Joseph McGill Jr., a Charleston-based field officer with the National Trust for Historic Preservation, discusses the Slave Dwelling Project, which he started in 2010.
JOSEPH MCGILL JR.
Age: 51
Grew up in: Kingstree
Claim to fame: The Slave Dwelling Project
Day job: Field officer for the National Trust for Historic Preservation
Pet peeve: "Distorted history—history that favors the victor and leaves out the rest of the story."
It began as part of a Civil War documentary for the History Channel. Joseph McGill Jr., a Charleston-based field officer with the National Trust for Historic Preservation, volunteered to spend the night in a restored slave hut at Boone Hall Plantation to demonstrate what living conditions had been like for enslaved Africans.
The overnight stay had a profound impact on McGill, and in 2010 he launched the Slave Dwelling Project, a personal quest to explore and preserve slave quarters across the state and nation.
"My goal is to bring attention to the dwellings," he says. "It’s an opportunity to recognize the places that have been restored and acknowledge the places that need to be restored."
In addition to helping landowners identify, interpret and maintain slave quarters, McGill is raising awareness of the history behind the buildings. Camping overnight in former slave dwellings—sometimes accompanied by the descendants of the slaves who built and occupied them—is a way to establish an emotional connection "to the people who endured despite all that they went through," he says. "You think about those people.
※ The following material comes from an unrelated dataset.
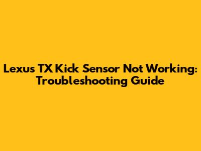 Lexus TX: Troubleshooting Kick Sensor Issues
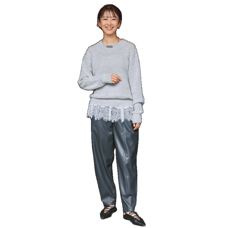 ニット¥15,400(ヴェルソー)パンツ¥36,300(タンジェント╱ザ エディット ストア)バッグ¥42,900(オルセット╱オルサ)ピアス¥6,820ネックレス¥9,900(ともにアビステ)ローファー¥32,450(カミナンド╱グラビテート)

You think about the fact that in that space it was probably the most peaceful part of their lives, but even that could be interrupted."
While the project began with an exploration of slave dwellings on Southern plantations, McGill has visited 38 sites in 12 states, including Pennsylvania and Connecticut—areas not normally associated with slavery.
"Expanding the project to those states sheds light on the period of slavery in the United States history," he says. "The North does not get a pass. Slavery existed there also. If you go to any older city that existed prior to the Civil War you can find architecture that supported slaves."